• [Assigned task]
Return exactly those lines of the material below that fall between the line holding "서랍을 열면 식기와 냅킨이 들어있고, 소금과 후추, 1회용 앞치마가 있었어요." and the line holding "기타 자세한 사항은 광양시보건소 건강증진실로 문의하면 된다.", inclusive.

*** Material supplied ***

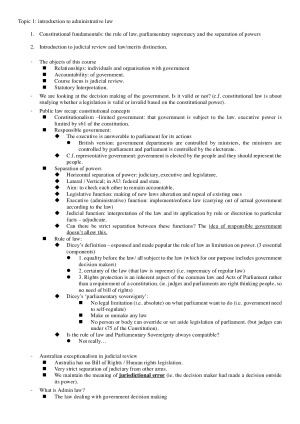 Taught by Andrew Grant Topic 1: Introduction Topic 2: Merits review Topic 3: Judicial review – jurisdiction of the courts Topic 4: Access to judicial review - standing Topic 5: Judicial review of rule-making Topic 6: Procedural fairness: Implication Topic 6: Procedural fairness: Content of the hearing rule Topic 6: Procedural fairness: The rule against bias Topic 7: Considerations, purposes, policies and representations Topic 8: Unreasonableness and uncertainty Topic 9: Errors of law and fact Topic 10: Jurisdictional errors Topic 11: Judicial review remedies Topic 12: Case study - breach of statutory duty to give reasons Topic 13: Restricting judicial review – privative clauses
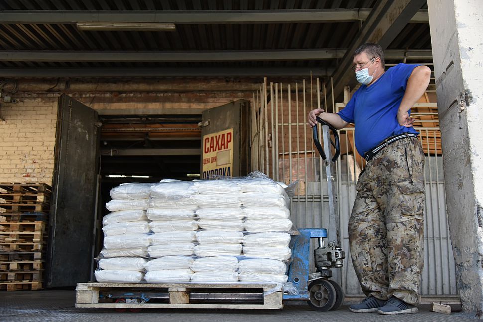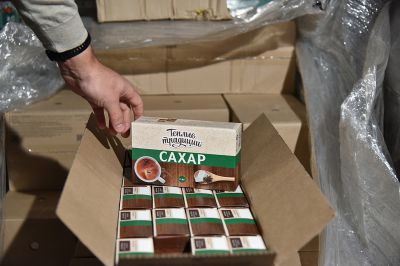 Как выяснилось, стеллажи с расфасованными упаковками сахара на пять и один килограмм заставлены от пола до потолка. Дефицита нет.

***
*** Material supplied ***

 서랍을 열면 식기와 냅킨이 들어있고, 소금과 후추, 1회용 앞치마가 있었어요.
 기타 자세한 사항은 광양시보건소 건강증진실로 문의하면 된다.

***

• [Result of this task]
 서랍을 열면 식기와 냅킨이 들어있고, 소금과 후추, 1회용 앞치마가 있었어요.
 기타 자세한 사항은 광양시보건소 건강증진실로 문의하면 된다.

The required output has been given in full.